This repository contains a comprehensive toolset for working with StarCraft II replay files and datasets. The tools span multiple programming languages and are included as git submodules for easy management and development.
- SC2InfoExtractorGo: Extracts detailed game data from .SC2Replay files into JSON format, for anonymization see SC2AnonServerPy.
- DatasetPreparator: Prepares and organizes large replay datasets for processing.
- SC2AnonServerPy: Provides anonymization gRPC service for player data and chat messages, works with SC2InfoExtractorGo.
- SC2_Datasets: Python library for loading and working with processed SC2 datasets.
For a comprehensive information on each tool, please refer to their individual README.md files.
- Docker (recommended) or:
- Go 1.19+ for SC2InfoExtractorGo
- Python 3.10+ for Python-based tools
- Poetry for Python dependency management
- Git for submodule management
Note
DatasetPreparator software container image contains the SC2InfoExtractorGo by default. Please refer to DatasetPreparator README for more details.

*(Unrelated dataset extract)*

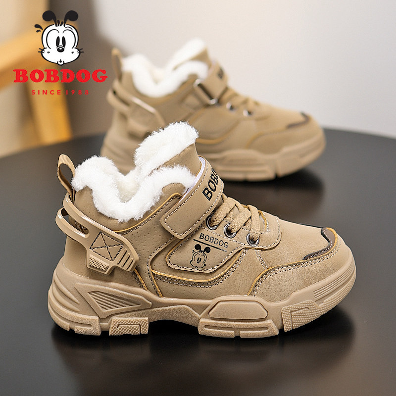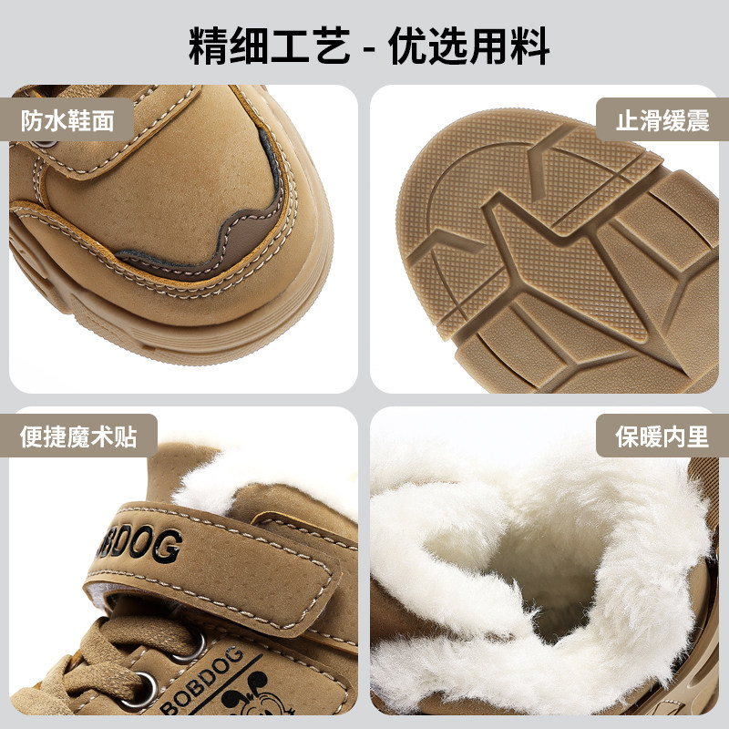 巴布豆童鞋男童棉鞋2026冬季新款大童加绒加厚大棉鞋子儿童雪地靴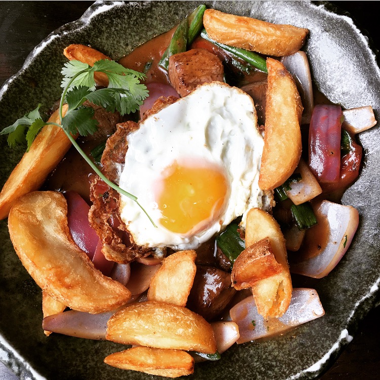 LOMO SALTADO | tenderloin, red onions, tomatoes, garlic-soy sauce, rustic potatoes, arroz con choclo

The easiest way to get started is using our pre-built Docker images:
- Collect your .SC2Replay files into a replaypack, for example:
replaypack_1/*.SC2Replay. If you do not have any replays, and you wish to run the following example, you can download some replaypacks from SC2ReSet HuggingFace or SC2ReSet Zenodo. - Pull and run DatasetPreparator (full processing pipeline):
- Run the following to see available options:
docker pull kaszanas/datasetpreparator:latest docker run -it --rm \ -v "${PWD}/processing":/app/processing \ kaszanas/datasetpreparator:latest \ python sc2egset_pipeline.py --help- Place your replaypack directories in
./processing/data/replaysdirectory. For example:./processing/data/replays/replaypack_1/*.SC2Replay ./processing/data/replays/replaypack_2/*.SC2Replay- To run the full processing pipeline (as in SC2ReSet and SC2EGSet datasets), execute:
docker run -it --rm \ -v "${PWD}/processing/data":/app/processing/data \ kaszanas/datasetpreparator:latest \ python sc2egset_pipeline.py \ --input_path processing/data/replays \ --output_path processing/data/output \ --maps_path processing/maps \ --n_processes 4 \ --force_overwrite True
To verify if everything worked correctly, check the generated logs and the processing/data/output directory for processed files. The directory_flattener directory should contain the structure as in the input directory, but with a single level directories containing raw .SC2Replay files and a mapping from the old directory structure to the filenames processed_mapping.json. Moreover, the sc2egset_replaypack_processor directory should contain the output from SC2InfoExtractorGo ran with the same arguments as the SC2EGSet dataset processing. Finally SC2ReSet and SC2EGSet directory should contain the raw replay files as organized in the respective datasets.
-
Clone the repository with submodules:
git clone --recurse-submodules https://github.com/Kaszanas/SC2Tools.git cd SC2Tools -
Initialize and update submodules:
git submodule update --init --recursive
Note
At this point, you should be able to use the tools directly on your system if you have the necessary dependencies installed.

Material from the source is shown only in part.